Organisation : Institut fuer Computersprachen, Technische Universitaet Wien
Message-ID : <2025Feb25.082658@mips.complang.tuwien.ac.at>
References : 1 2 3
User-Agent : xrn 10.11

zbigniew2011@gmail.com (LIT) writes:

Probably because the case where the two operands
of a + are in memory, and the result is needed
in memory is not that frequent.
>
One example could be matrix multiplication.
It's rather trivial but cumbersome operation,
where usually a few transitional variables are
used to maintain clarity of the code.

Earlier you wrote about performance, now you switch to clarity of the
code. What is the goal?

If we stick with performance, the fastest version in
<http://theforth.net/package/matmul/current-view/matmul.4th> on all
systems (which I measured and that does not use a primitive FAXPY) is
version 2, and that spends most of its time in:

: faxpy-nostride ( ra f_x f_y ucount -- )
\ vy=ra*vx+vy
dup >r 3 and 0 ?do
fdup over f@ f* dup f+! float+ swap float+ swap
loop
r> 2 rshift 0 ?do
fdup over f@ f* dup f+! float+ swap float+ swap
fdup over f@ f* dup f+! float+ swap float+ swap
fdup over f@ f* dup f+! float+ swap float+ swap
fdup over f@ f* dup f+! float+ swap float+ swap
loop
2drop fdrop ;

It's not the clearest code, and certainly the version without
unrolling is clearer (and may be almost as fast in the newer versions
of SwiftForth and VFX which make counted loops significantly faster):

: faxpy-nostride ( ra f_x f_y ucount -- )
\ vy=ra*vx+vy
0 ?do
fdup over f@ f* dup f+! float+ swap float+ swap
loop
2drop fdrop ;

Each iteration performs 2 FP loads and 1 FP store. With
memory-to-memory variants of F* and F+ that would be 4 FP loads and 2
FP stores, and I don't think it would be any clearer. And if you use
memory-to-memory variants of the address computation, things would
become even slower. And I doubt that they would become clearer.
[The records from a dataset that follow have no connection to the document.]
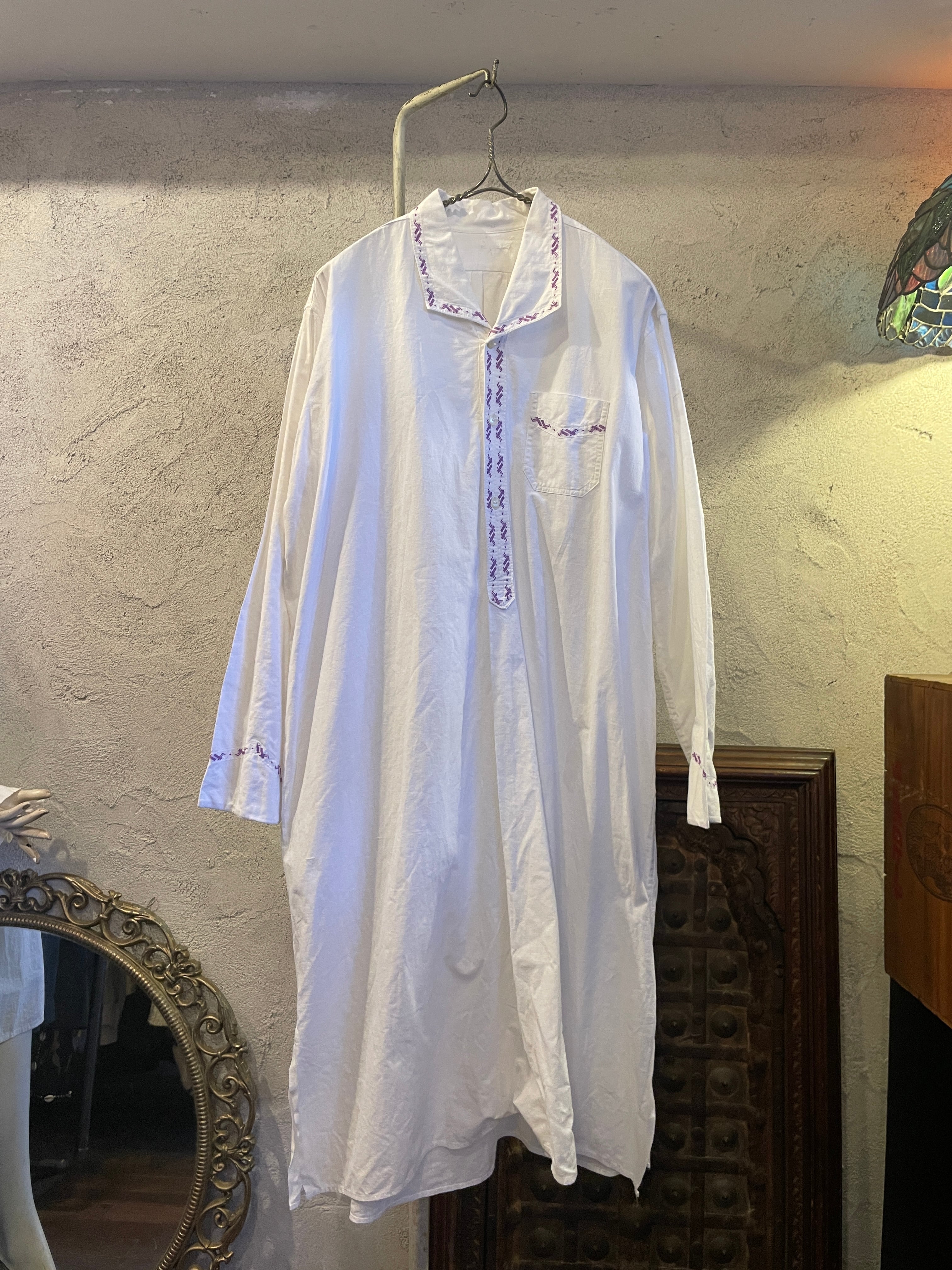 スリーピング ロングシャツ パープル刺繍 ヴィンテージ 古着
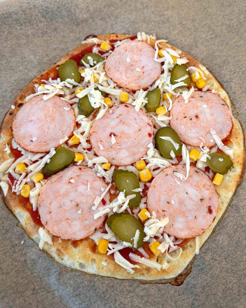 Viršų patepame pomidorų padažu, užberiame sūrio, sudedame kitus produktus, dar užberiame truputį sūrio. Kepame orkaitėje kelias minutes ar kol sūris išsilydys.
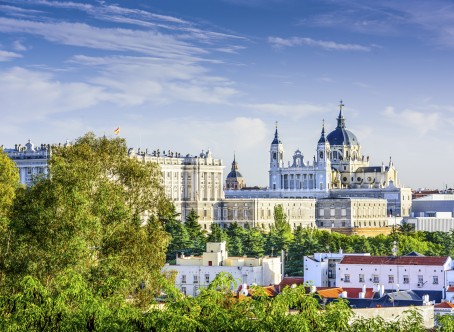 Beautiful View. The Madrid skyline at Santa Maria la Real de La Almudena Cathedral and the Royal Palace.
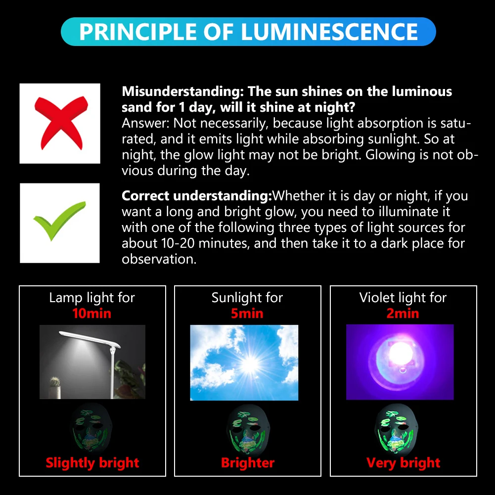 3. После получения товара, пожалуйста, "зарядите" светящийся sИПод светильник или солнечный светильник.Песок светится, когда он поглощает светильник. Вам нужно «зарядить» его дольше с помощью яркой лампы или солнечного света, если вы хотите, чтобы увидеть длинное и яркое светится в темноте.
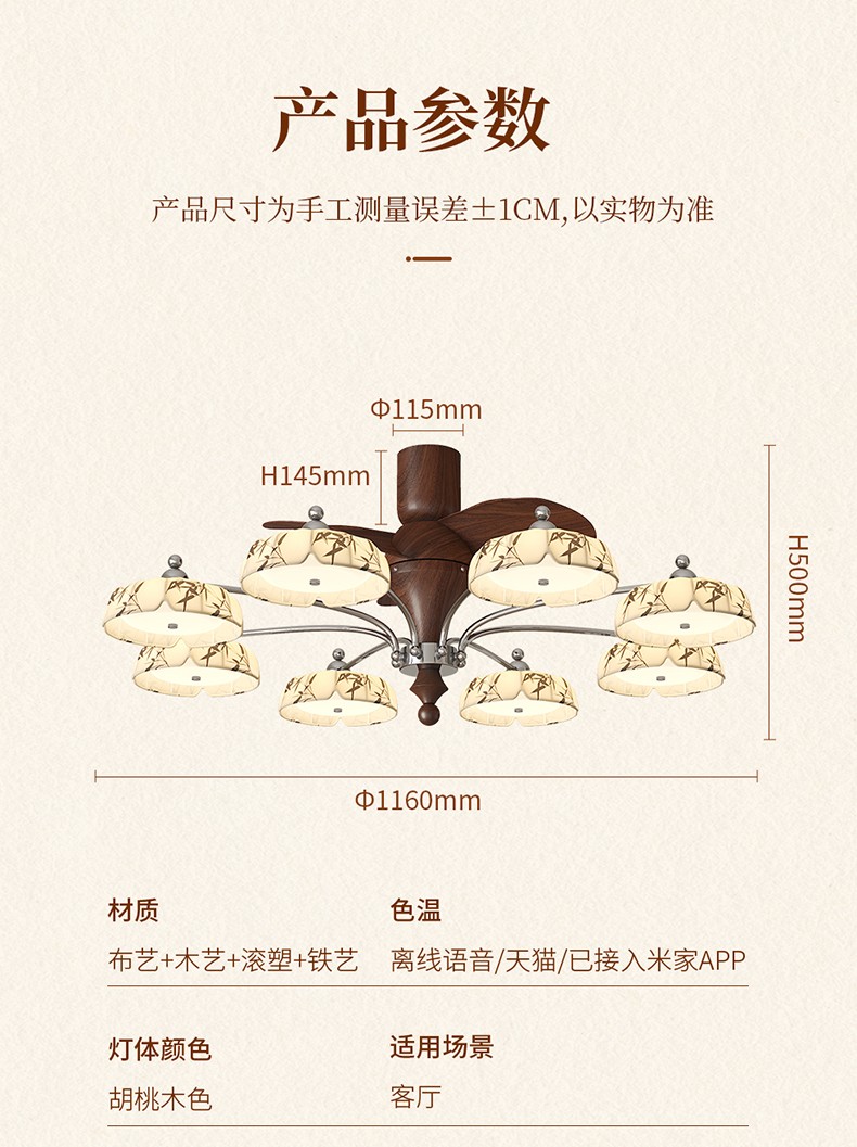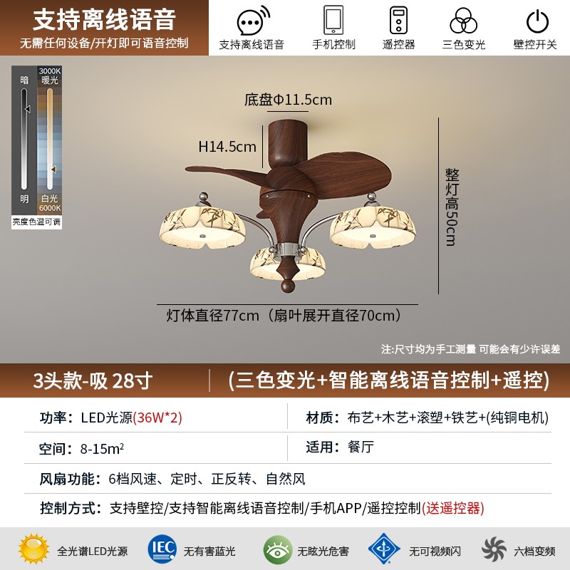 | 型号 | QL-1115-3头FS28寸直叶吸顶款【离线语音】 |
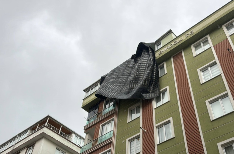 İstanbul Valiliği ve AKOM'un uyarılarının ardından İstanbul genelinde şiddetli rüzgar etkili oluyor. Kent genelinde etkili olan olumsuz hava koşulları nedeniyle bazı binalarda çatı uçmaları meydana gelirken çok sayıda ağaç da devrildi. Beylikdüzü Adnan Kahveci Mahallesi'nde bir sitenin çatısındaki yalıtım malzemeleri rüzgarın etkisiyle savruldu.
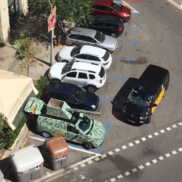 El sector del taxi segueix lluitant contra les llicències de lloguer de vehicles amb conductor (VTC) i avui hi ha una vaga de 24 hores que finalitzarà a les 6.00 hores d'aquest divendres. Una de les accions que han dut a terme ha estat convertir un taxi, ja irreconeixible, en el que sembla ser un tanc.
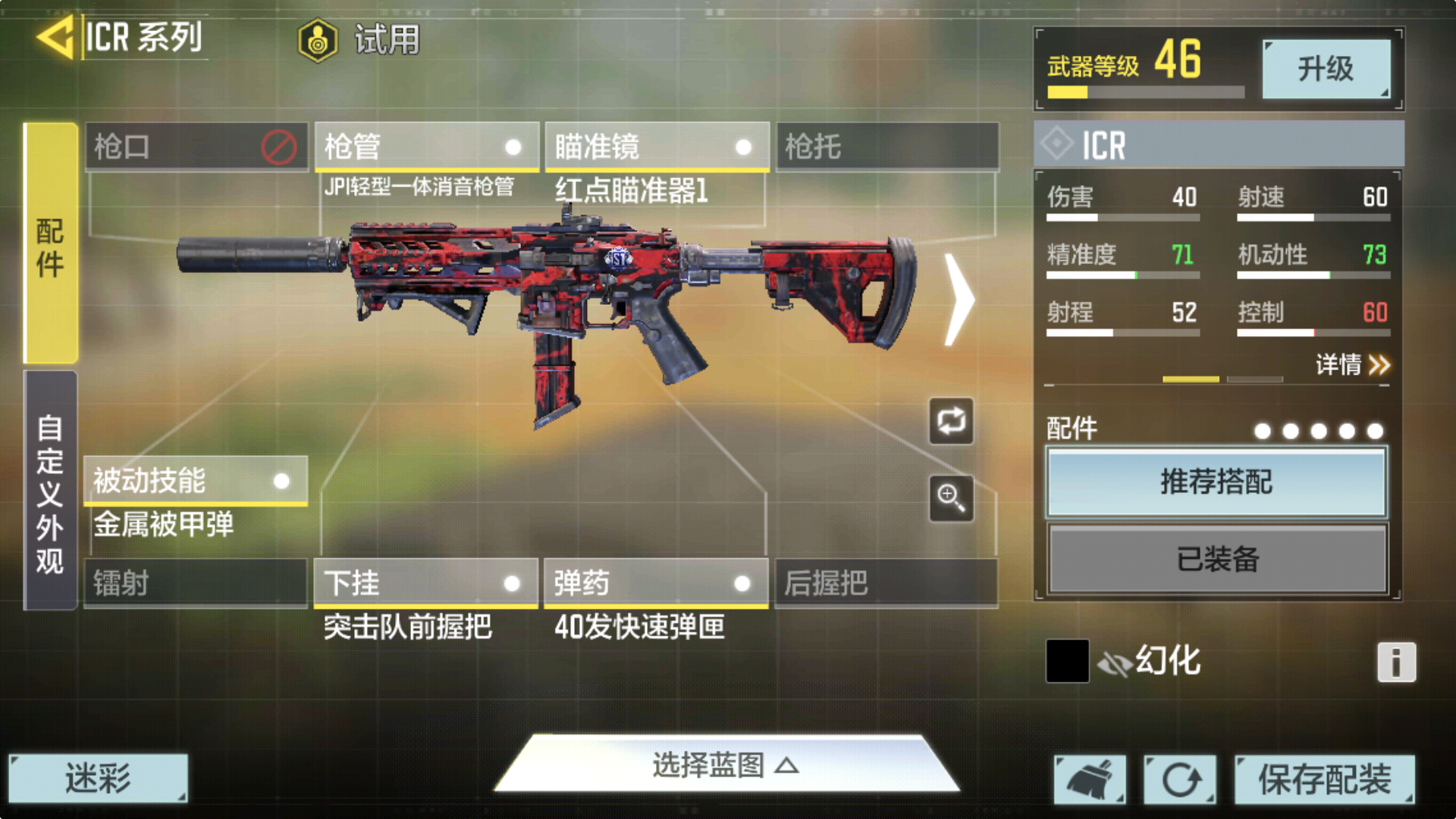 icr这把枪确实很适合新手,这样搭配20米内只要稍微压一下枪,就基本都能打在同一个点上,机动性高,射速快,还稳,换单还快,真的超爱,如果超过20米的话的话就不要扫射了,用小连发。不知道怎么判断米数可以去训练场那里,打那个假人那可以调节米数。没手感的话,也可以用这把枪找找手感好,反正我用起来很爽😗

Some time later I worked on how SIMD could be integrated into Forth,
and used matrix multiplication as an example. With the wordset I
propose this whole loop became

( v1 r addr ) v@ f*vs f+v ( v2 )

Only one memory access is visible here at all; there are some more in
the implementation of these words, however. You can find the paper
about that at <http://www.euroforth.org/ef17/papers/ertl.pdf>. A
further refinement of that work can be found at
<https://www.complang.tuwien.ac.at/papers/ertl18manlang.pdf>
(presented in a Java setting for the audience of the conference, but
the implementation was in a Forth setting, see
<https://github.com/AntonErtl/vectors>). This work eliminates many of
the memory accesses that the earlier implementation performs,
demonstrating that the memory accesses are not fundamental in the
model. In particular, Figure 11 shows code corresponding to

( v1 r1 addr1 r2 addr2 ) v@ f*vs v@ f+v v@ f*vs f+v ( v2 )

i.e., the code above unrolled by a factor of 2; it has 3 SIMD loads
and 1 SIMD store per SIMD-granule processed (the SIMD granule is 4
doubles for AVX). Further unrolling results in even fewer loads and
stores per FLOP (FP multiplication and FP addition).

Probably "bigger" Forth compilers are indeed
already "too good" for the difference to be
(practically) noticeable — still maybe for
simpler Forths, I mean like the ones for DOS
or even for 8-bit machines it would make sense?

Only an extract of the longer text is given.